En su informe “Defenderse contra la pobreza; volver a la dignidad humana”, la representante de la Congregación Evangélica Argentino-Germana pone el ejemplo de dos mujeres de las villas. Las mujeres sufren tanto o más que los niños cuando se ven enfrentadas con la pobreza. Dora, por ejemplo, tiene 39 años y es santiagueña. Comenzó a trabajar cuidando niños a los 7 años. Ella y sus nueve hermanos se criaron en la más desoladora pobreza. A los 18 años llegó con su primer hombre a Buenos Aires. Ya estaba embarazada de su primera hija. Un año después nació su hijo Oscar y al otro año, su hija Jorgelina. Durante 18 años, Dora trabajó como sirvienta. Hasta el año pasado. Su sueldo era la única entrada para la familia. El hombre le era infiel y castigaba a la familia. Hasta que la abandonó. Dora tuvo entonces otro amigo que se jugaba todo el dinero que ganaba ella. Y, por supuesto, vino el primer hijo de los dos, Axel. Ella se quedó sin trabajo y ahora es planchadora. Vive en una especie de casilla en Villa del Monte, una gigantesca villa de emergencia. Axel va al jardín de infantes de los evangélicos alemanes. Ella, la madre, tiene ahí un círculo con otras madres de la villa y conversan, tratan de resolver los problemas y se apoyan entre sí.

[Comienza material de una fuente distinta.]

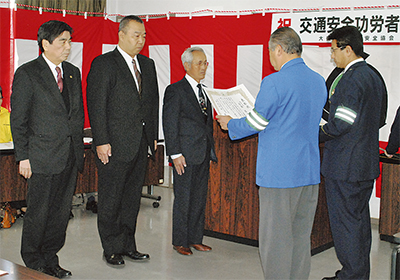 地域の交通安全に尽力し、顕著な功績があった人と団体、無事故無違反のドライバーを称える、平成23年度交通安全功労者・優良運転者表彰式が10日、大磯警察署講堂で行われた。交通指導員を務める柳田英治さん(大磯町)が県知事表彰を受章。約25年にわたり模範運転を続けてきた8名が交通栄誉章の伝達を受けた。

El otro caso es el de Patricia. Vive con su compañero Roberto, a la orilla del río, y su cabaña se inunda unas diez veces por año. Roberto perdió su trabajo de portero y se dedica ahora a armar rejas de hierro. Pero muy pocos son los encargos, de manera que la vida es difícil. Hace rejas y las cambia por alimentos, una especie de canje al que han recurrido casi todos los habitantes de la villa. Ella ayuda a los chicos del barrio en los deberes escolares y le pagan con verduras. En verano, cuando vienen los bañistas, el matrimonio tiene un pequeño quiosco por la ventana de la casilla. “Los políticos –dice Roberto– sólo aparecen en las elecciones y nos dan una chapa de cinc o colchones. Después desaparecen.” Democracia argentina.
Todos los días, empezar de nuevo. Todos los días llegan más habitantes a las villas. Un empezar todas las mañanas sin esperanzas. La miseria siempre presente. Año tras año. El único lugar de reunión y de esperanza es el jardín infantil donde llevan a su hijo. Allí se reúnen y hay caras amigas. El lugar es verde, con árboles y palmeras, un oasis comparado conlas villas de donde vienen: grises, marrones como detritus, amarillas de tierra pisada.

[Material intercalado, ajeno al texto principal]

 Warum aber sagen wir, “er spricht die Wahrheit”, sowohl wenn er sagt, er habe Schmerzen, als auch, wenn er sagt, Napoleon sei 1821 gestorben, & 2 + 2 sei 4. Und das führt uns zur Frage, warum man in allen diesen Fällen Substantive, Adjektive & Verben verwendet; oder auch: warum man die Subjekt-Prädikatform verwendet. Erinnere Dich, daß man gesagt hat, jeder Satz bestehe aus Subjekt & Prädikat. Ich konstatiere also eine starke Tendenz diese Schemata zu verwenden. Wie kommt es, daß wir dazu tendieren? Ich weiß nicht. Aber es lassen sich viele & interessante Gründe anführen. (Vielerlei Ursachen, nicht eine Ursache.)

Mi nieta Paula cree firmemente que vendrá el dinero para continuar la obra de dar alimento y escuela a los niños pobres. Aunque las esperanzas son pocas. La estampa argentina que llevará al regreso a Alemania será por sobre todo ésa, la de los niños pobres de Quilmes. Pero ante todo el rostro de esos niños, sus sonrisas, su expresión simpática de “no nos abandones, a nosotros también nos gusta que nos acaricien”.